I don't see how @fchandur specifed an additional cacert file and I agree with @jay that if --insecure is asked for, we should be able to totally ignore all ca cert files and options since the client asked to not verify the server at all.

@bagder bagder reopened this Jan 2, 2017
@nickzman
Collaborator
nickzman commented Jan 3, 2017

Then the attached patch ought to allow the contradictory commands. Does it solve the original report?

Also, it is possible to specify the certificate bundle in the curlrc, isn't it?
allow-cafile-and-verifypeer.txt

@fchandur
fchandur commented Jan 3, 2017

It does. Thank you.

Also, when invoking the configure script with the argument --with-darwinssl, by default, the the flag --with-ca-bundle=/etc/ssl/cert.pem is also set.

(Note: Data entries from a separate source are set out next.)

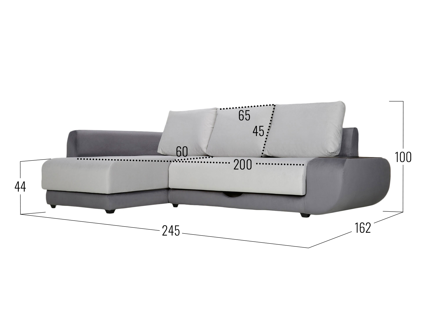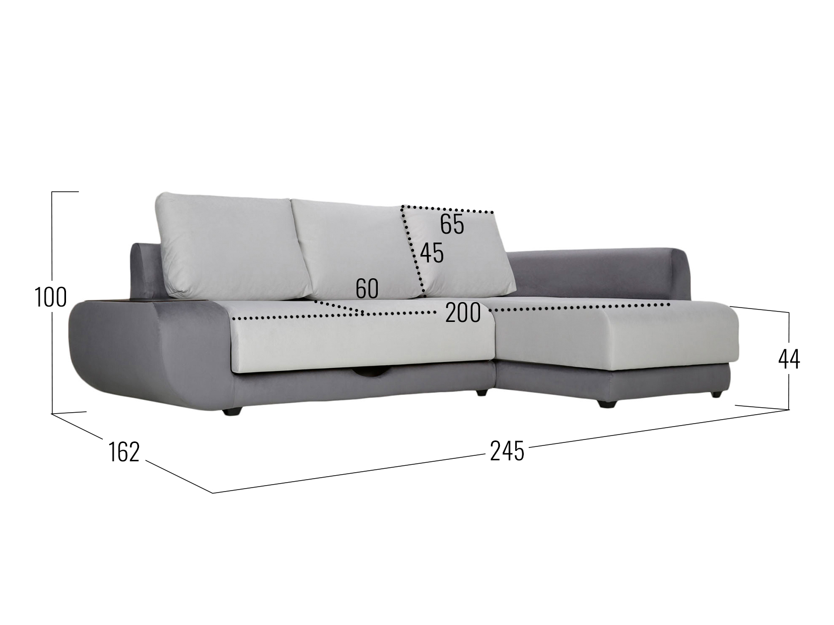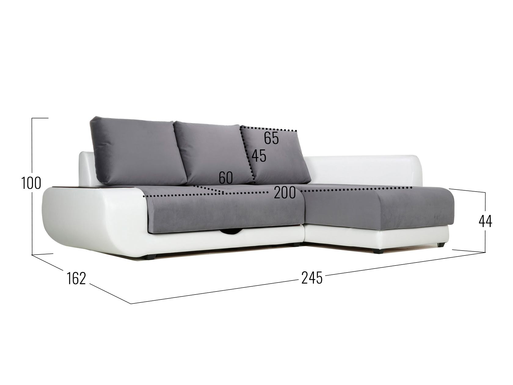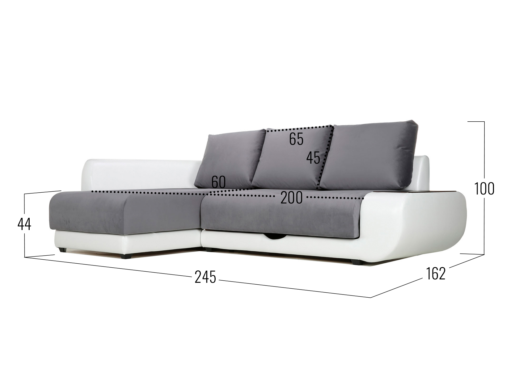 Графитово-белый, велюр/кожзам / С баром / Слева / Пенополиуретан
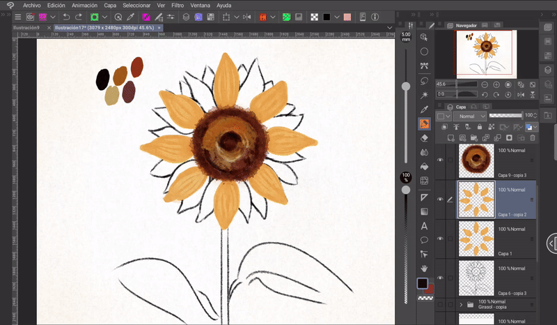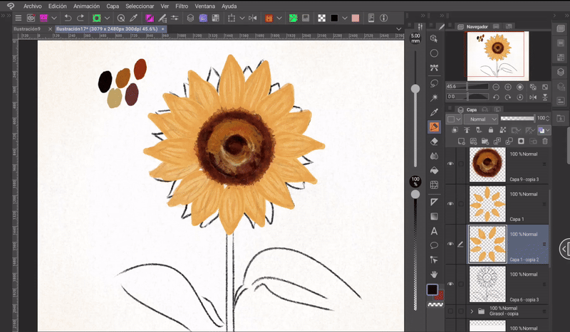 C'est au tour de peindre le centre du tournesol. Le secret de cette zone consiste à appliquer les couleurs en formant des cercles. D'abord, le cercle extérieur, celui-ci sera sombre, celui qui suit aura une teinte marron foncé, puis un autre avec une teinte plus claire jusqu'à atteindre le cercle central qui sera peint d'un marron très foncé.
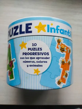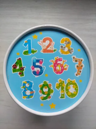 Divertido puzzle progresivo de números del 1 al 10, cada número está decorado con simpáticos animales. - Números del 1 al 10. - Ilustraciones de animales. - Diseño colorido sobre fondo azul.
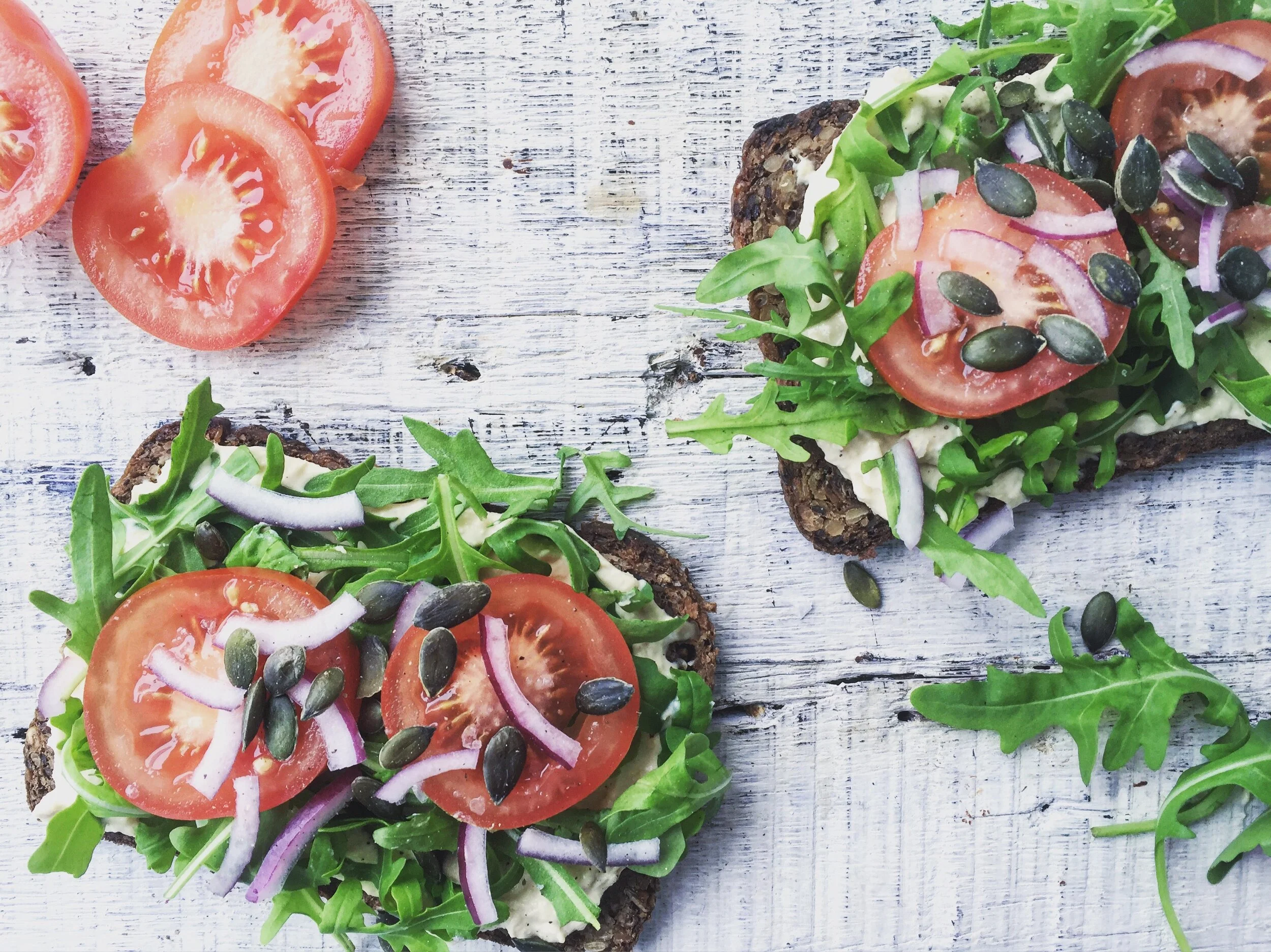 After toasting the bread, spread 2 tablespoons of hummus on each piece of toast. Top each slice with rocket, red onion, cucumber, tomato and capers. Sprinkle with sea salt. Yum!
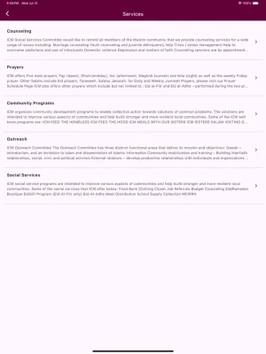 The Islamic Center of Maryland (ICM) is a non-profit organization with an operational philosophy based on the Holy Qur'an and the Sunnah of Prophet Muhammad (peace be upon him). Muslim families who visit the ICM facilities work towards fulfilling their religious obligations and striving for spiritual, intellectual, social and economic well-being and advancement. The center provides various services to the community.With this App Stay in touch with Day to day eventsGet regular prayer timesStay connected with community
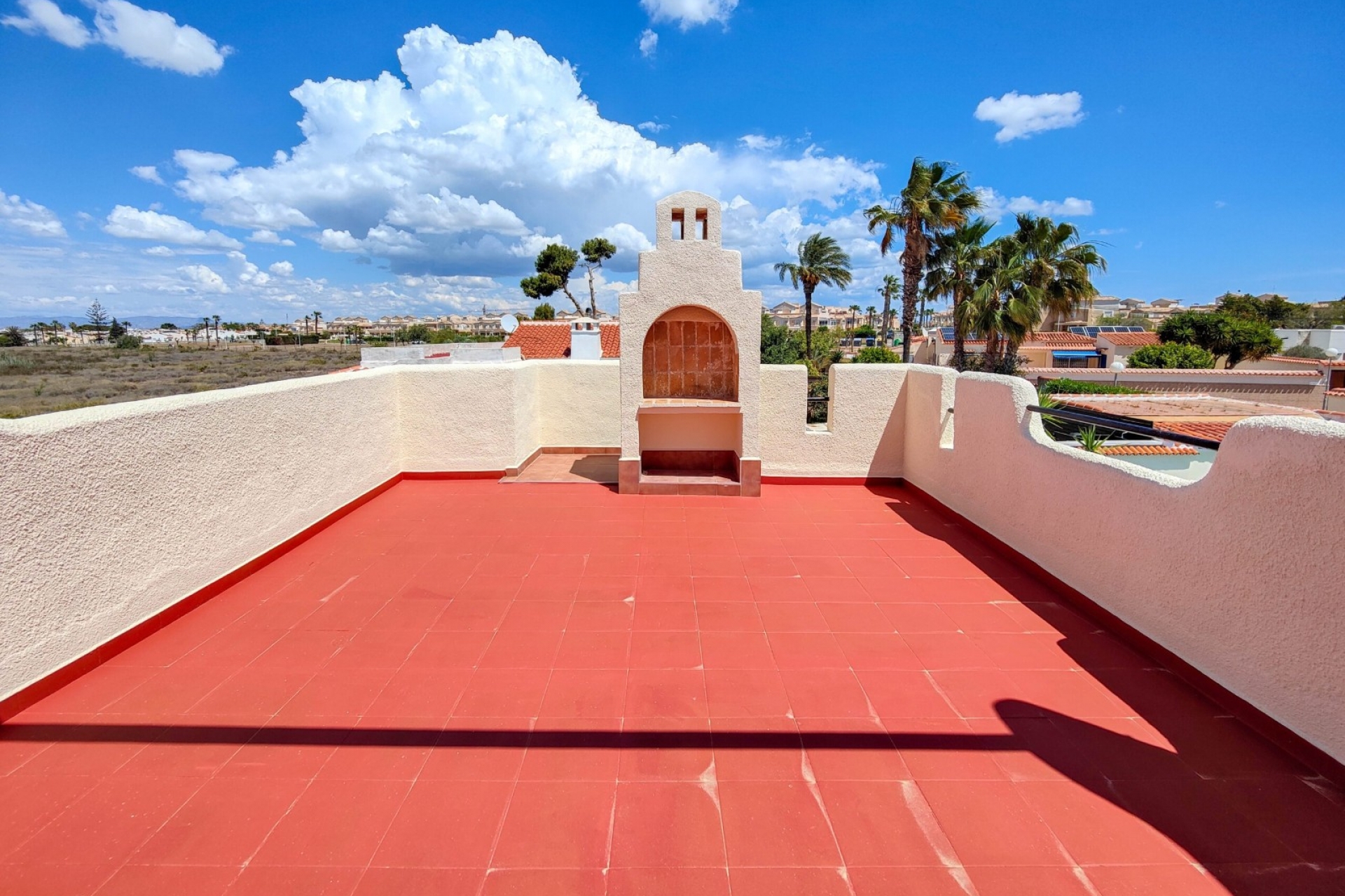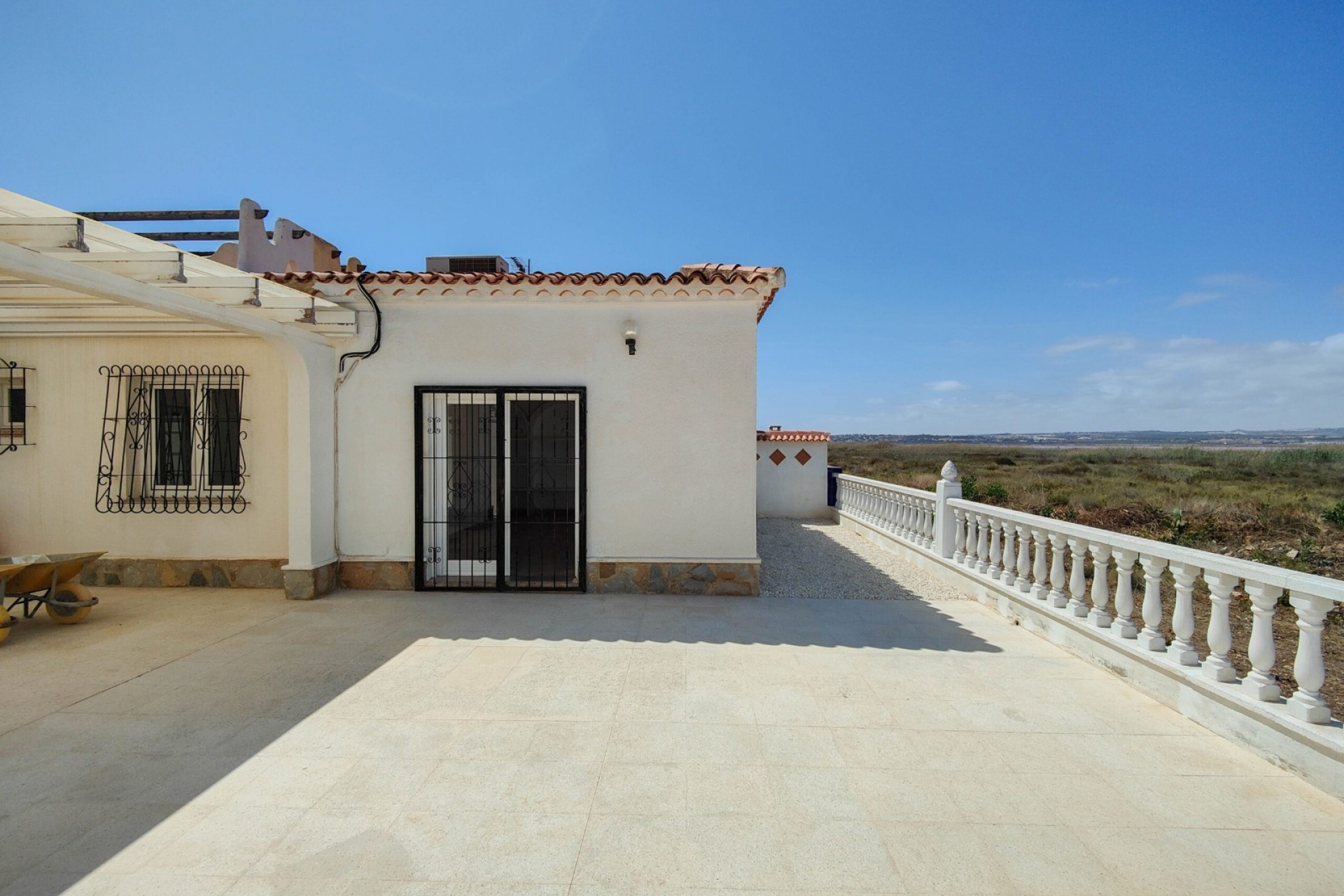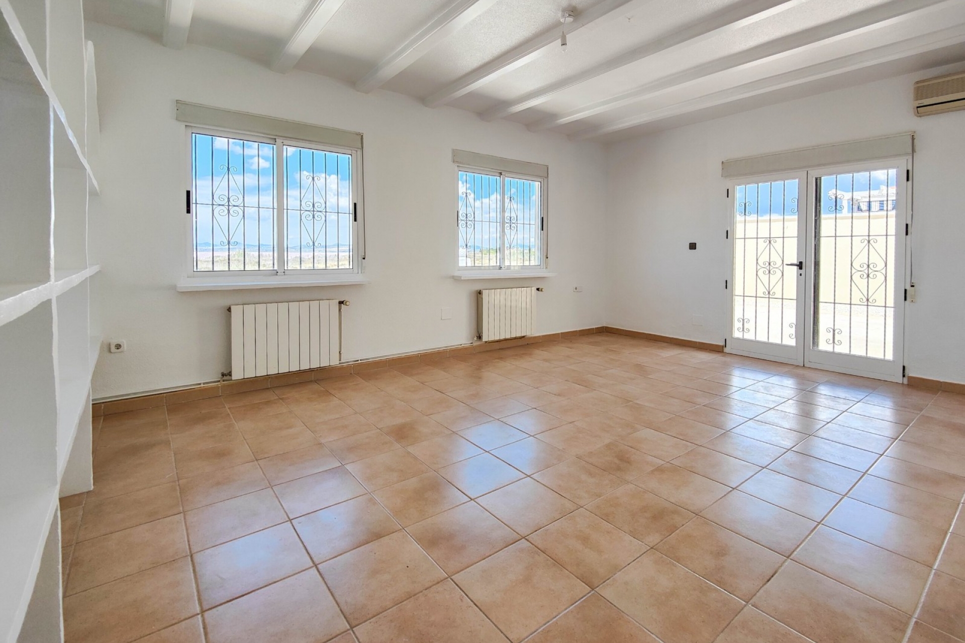 The outside space on this villa is just amazing. To the front of the property there is off road parking, a recently renovated swimming pool, a big storage room and a covered terrace looking over the pool. At the side there is a storage room where we find the water boiler. At the back of the property there is an other covered terrace and an L shaped garden looking over the salt lakes. There is also a spacious solarium.

I think the default, especially when using SecureTransport, should be --without-ca-bundle, no?

configure:

./configure  --with-darwinssl

relevant output:

  ....
  SSL support:      enabled (Apple OS-native)
  ...
  ca cert bundle:   /etc/ssl/cert.pem
  ca cert path:     no
  ca fallback:      no
@nickzman nickzman closed this in ffbb0f0 Jan 3, 2017
@nickzman
Collaborator
nickzman commented Jan 3, 2017

Thanks. Daniel might know more, but I think that certificate bundle is always listed there but not actually used in the ST engine. I still suspect you have something in your curlrc file that is using a certificate bundle somewhere if you're not using the --cacert option.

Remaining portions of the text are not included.